▶ _Record extracts_:
● ● ●
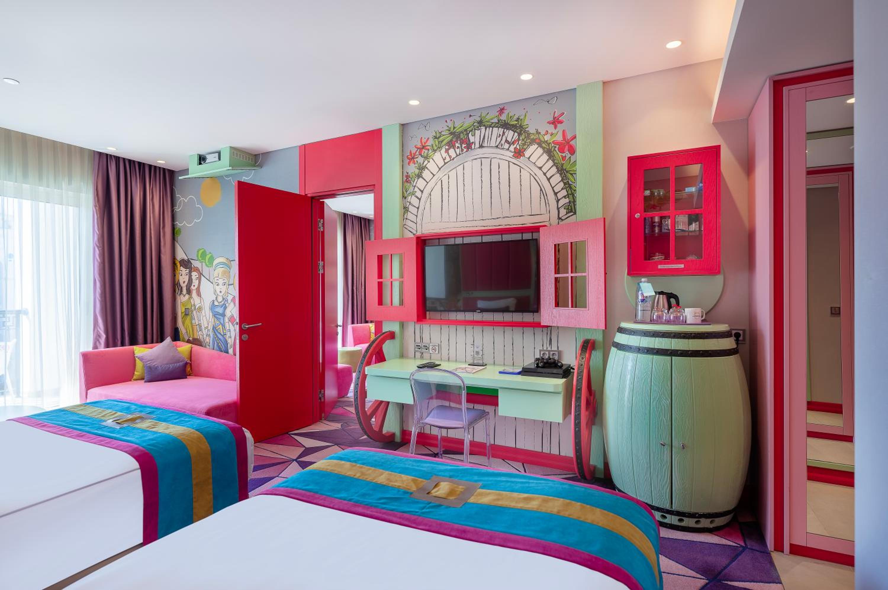 Luxurious Accommodation: Experience fantasy-themed rooms with dual-screen LED TVs and Play Stations, complemented by private bathrooms with premium amenities.
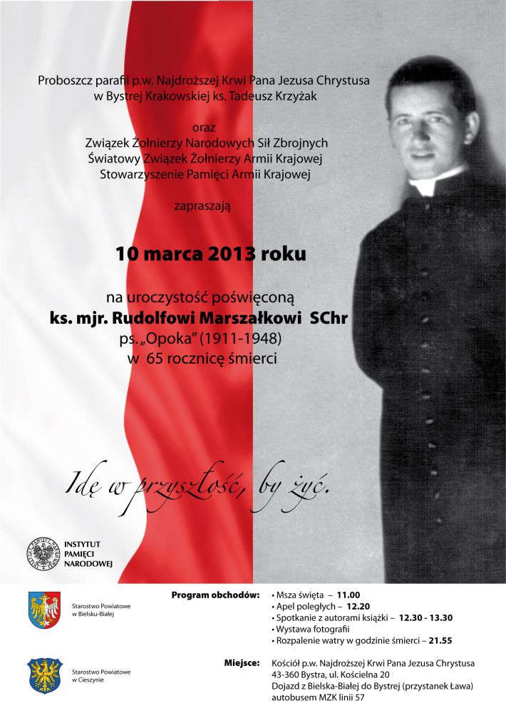 10 marca 2013 r. w kościele pw. Najdroższej Krwi Pana Jezusa Chrystusa w Bystrej (ul. Kościelna 20) odbędzie się uroczystość poświęcona ks. mjr. Rudolfowi Marszałkowi TChr ps. „Opoka” (1911–1948) w 65 rocznicę śmierci. Organizatorami spotkania są: proboszcz parafii pw. Najdroższej Krwi Pana Jezusa Chrystusa w Bystrej Krakowskiej ks. Tadeusz Krzyżak oraz Związek Żołnierzy Narodowych Sił Zbrojnych, Światowy Związek Żołnierzy Armii Krajowej, Stowarzyszenie Pamięci Armii Krajowej. Uroczystość odbędzie się pod patronatem honorowym Oddziału Instytutu Pamięci Narodowej w Katowicach.
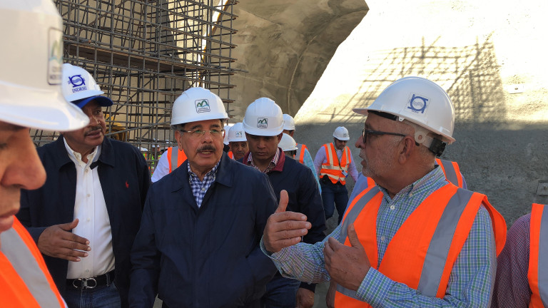 El presidente Danilo Medina durante su recorrido por la Presa Monte Grande, en Barahona, donde constató los avances en los túneles y recibió explicaciones de los detalles técnicos de la obra.
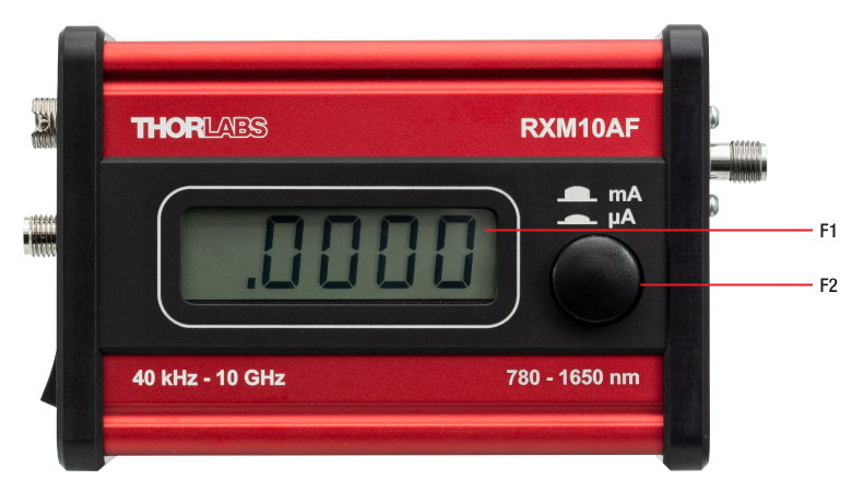 RF signal output(s) are available via female 2.92 mm RF connector(s), except for Item # RXM15EF which provides an inverting RF output through a female SMA connector. The RF output signals can be connected to a measurement instrument using suitable microwave cables or adapters. For differential output devices (25 GHz, 33 GHz, 38 GHz, 40 GHz, and 42 GHz RXM receivers), one input is inverting and the other is non-inverting, and each output is labeled. If only one RF output is being used, the unused port should be capped with a 50 Ω terminator; two are included with each receiver. Both RF ports may also be used simultaneously. Measurements of the DC photocurrent can be viewed using the digital display, and an SMA jack on the input panel provides the analog current monitor output signal. Please see the Operation tab for additional information on functionality and operation.
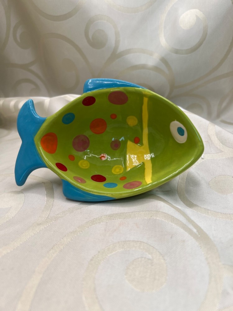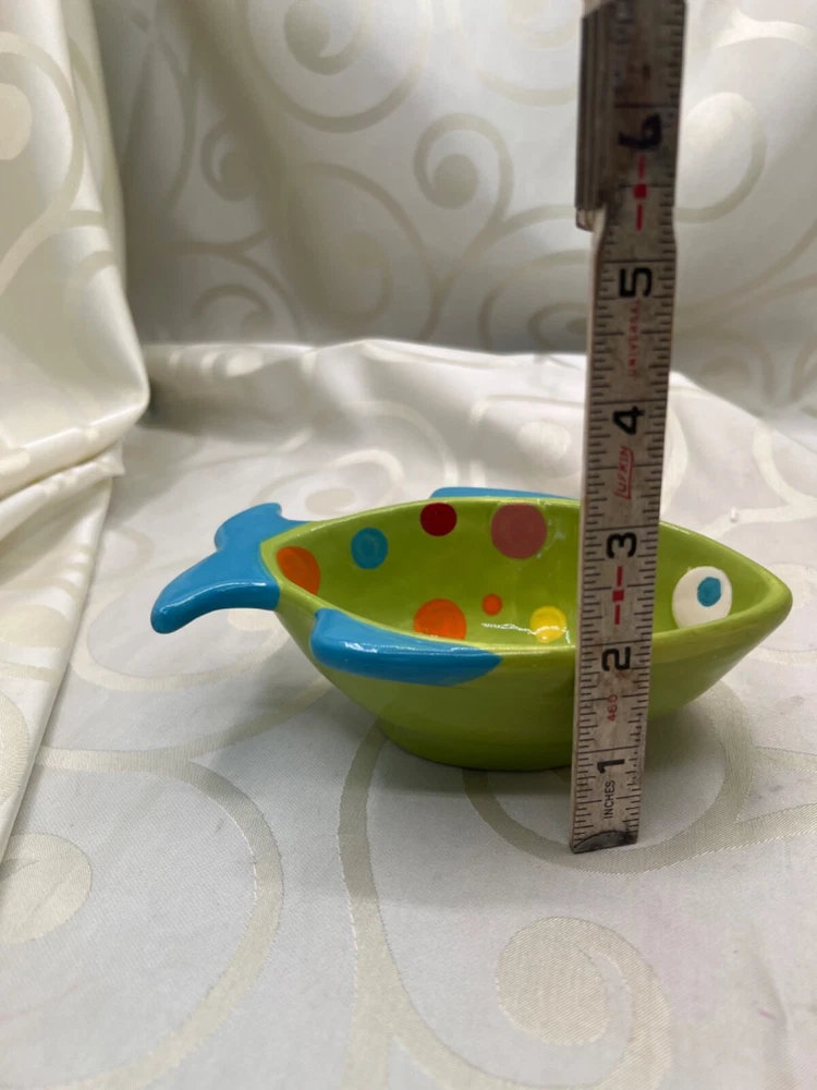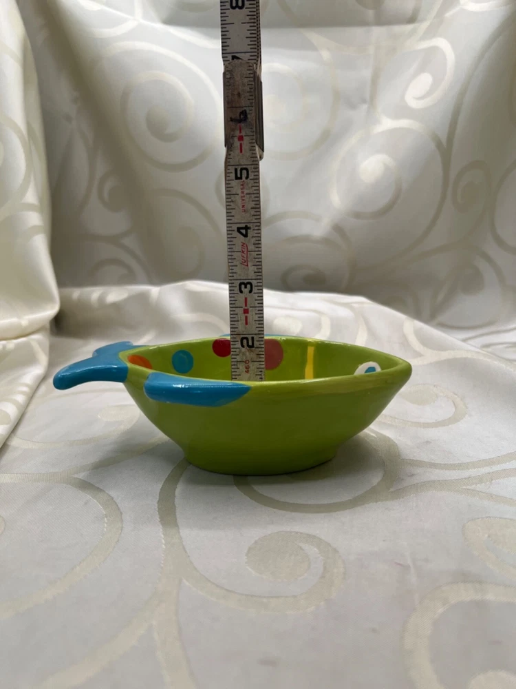 This is a Pier 1 Imports ceramic bowl featuring a green polka dot design with a fish theme. It is suitable for all occasions and can be used for serving sauces or dips. The bowl is crafted using art pottery techniques in China.
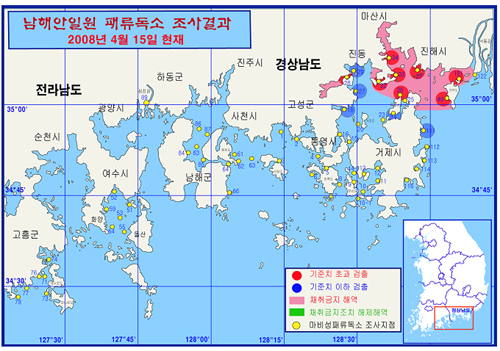 국립수산과학원은 14일에서 15일까지 진해만 및 통영일원에 대한 패류독소조사 결과, 통영시 지도 및 원문, 거제시 고현 등 일부해역을 제외한 진해만 전 해역의 진주담치에서 마비성패류독소가 검출됐다.
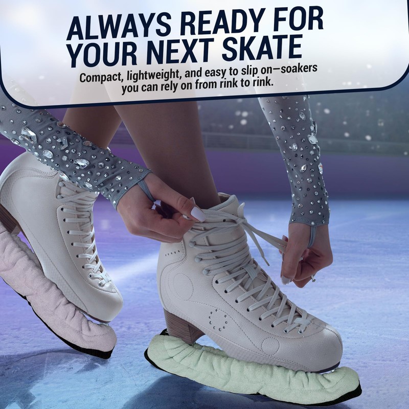 • SLIP ON, STRIDE OFF—NO TOOLS NEEDED: Simply slide these ice skating soakers over your blades after every session—no hardware or adjustments required. Though not intended for walking, these soft guards are perfect for locker room storage, transport, and drying skate between use. Lightweight and easy to fit, they provide hassle-free blade protection that fits neatly in any gear bag or locker, keeping your blades safe and dry wherever you go, from practice days to competition weekends effortlessly.
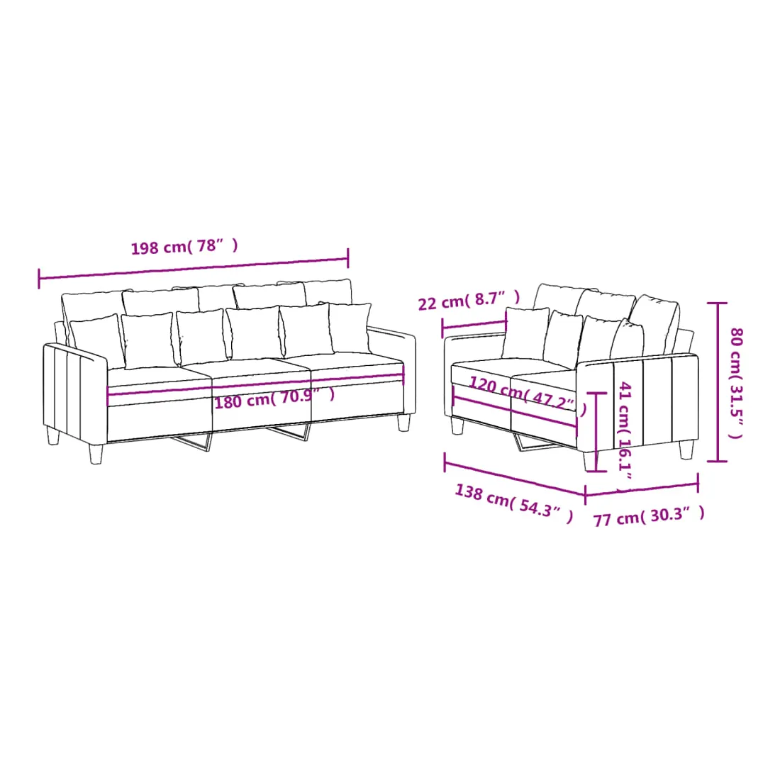 Cet ensemble de canapés est un excellent endroit pour discuter, lire, regarder la télévision ou simplement vous détendre. Il est destiné à être un point central de votre maison. Tissu durable : le tissu présente un aspect simple et épuré tout en restant respirant et durable. Structure robuste et stable : la structure en contreplaqué et en métal du canapé assure robustesse et stabilité. Expérience d'assise confortable : le canapé est très confortable avec le siège, les accoudoirs et les oreillers de dossier bien rembourrés.
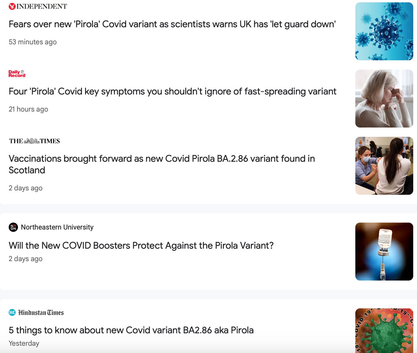 🔥 Goodbye, Eris variant, we hardly knew ye. Hello, Pirola! The New York Post ran the story yesterday headlined, “New ‘Pirola’ variant of COVID is spreading fast, has experts concerned.”
● ● ●
▶ _Task prompt_:
Keeping the pictures out, output the records from above exactly and completely.

▶ _Response box_:
 Luxurious Accommodation: Experience fantasy-themed rooms with dual-screen LED TVs and Play Stations, complemented by private bathrooms with premium amenities.
 10 marca 2013 r. w kościele pw. Najdroższej Krwi Pana Jezusa Chrystusa w Bystrej (ul. Kościelna 20) odbędzie się uroczystość poświęcona ks. mjr. Rudolfowi Marszałkowi TChr ps. „Opoka” (1911–1948) w 65 rocznicę śmierci. Organizatorami spotkania są: proboszcz parafii pw. Najdroższej Krwi Pana Jezusa Chrystusa w Bystrej Krakowskiej ks. Tadeusz Krzyżak oraz Związek Żołnierzy Narodowych Sił Zbrojnych, Światowy Związek Żołnierzy Armii Krajowej, Stowarzyszenie Pamięci Armii Krajowej. Uroczystość odbędzie się pod patronatem honorowym Oddziału Instytutu Pamięci Narodowej w Katowicach.
 El presidente Danilo Medina durante su recorrido por la Presa Monte Grande, en Barahona, donde constató los avances en los túneles y recibió explicaciones de los detalles técnicos de la obra.
 RF signal output(s) are available via female 2.92 mm RF connector(s), except for Item # RXM15EF which provides an inverting RF output through a female SMA connector. The RF output signals can be connected to a measurement instrument using suitable microwave cables or adapters. For differential output devices (25 GHz, 33 GHz, 38 GHz, 40 GHz, and 42 GHz RXM receivers), one input is inverting and the other is non-inverting, and each output is labeled. If only one RF output is being used, the unused port should be capped with a 50 Ω terminator; two are included with each receiver. Both RF ports may also be used simultaneously. Measurements of the DC photocurrent can be viewed using the digital display, and an SMA jack on the input panel provides the analog current monitor output signal. Please see the Operation tab for additional information on functionality and operation.
 This is a Pier 1 Imports ceramic bowl featuring a green polka dot design with a fish theme. It is suitable for all occasions and can be used for serving sauces or dips. The bowl is crafted using art pottery techniques in China.
 국립수산과학원은 14일에서 15일까지 진해만 및 통영일원에 대한 패류독소조사 결과, 통영시 지도 및 원문, 거제시 고현 등 일부해역을 제외한 진해만 전 해역의 진주담치에서 마비성패류독소가 검출됐다.
 • SLIP ON, STRIDE OFF—NO TOOLS NEEDED: Simply slide these ice skating soakers over your blades after every session—no hardware or adjustments required. Though not intended for walking, these soft guards are perfect for locker room storage, transport, and drying skate between use. Lightweight and easy to fit, they provide hassle-free blade protection that fits neatly in any gear bag or locker, keeping your blades safe and dry wherever you go, from practice days to competition weekends effortlessly.
 Cet ensemble de canapés est un excellent endroit pour discuter, lire, regarder la télévision ou simplement vous détendre. Il est destiné à être un point central de votre maison. Tissu durable : le tissu présente un aspect simple et épuré tout en restant respirant et durable. Structure robuste et stable : la structure en contreplaqué et en métal du canapé assure robustesse et stabilité. Expérience d'assise confortable : le canapé est très confortable avec le siège, les accoudoirs et les oreillers de dossier bien rembourrés.
 🔥 Goodbye, Eris variant, we hardly knew ye. Hello, Pirola! The New York Post ran the story yesterday headlined, “New ‘Pirola’ variant of COVID is spreading fast, has experts concerned.”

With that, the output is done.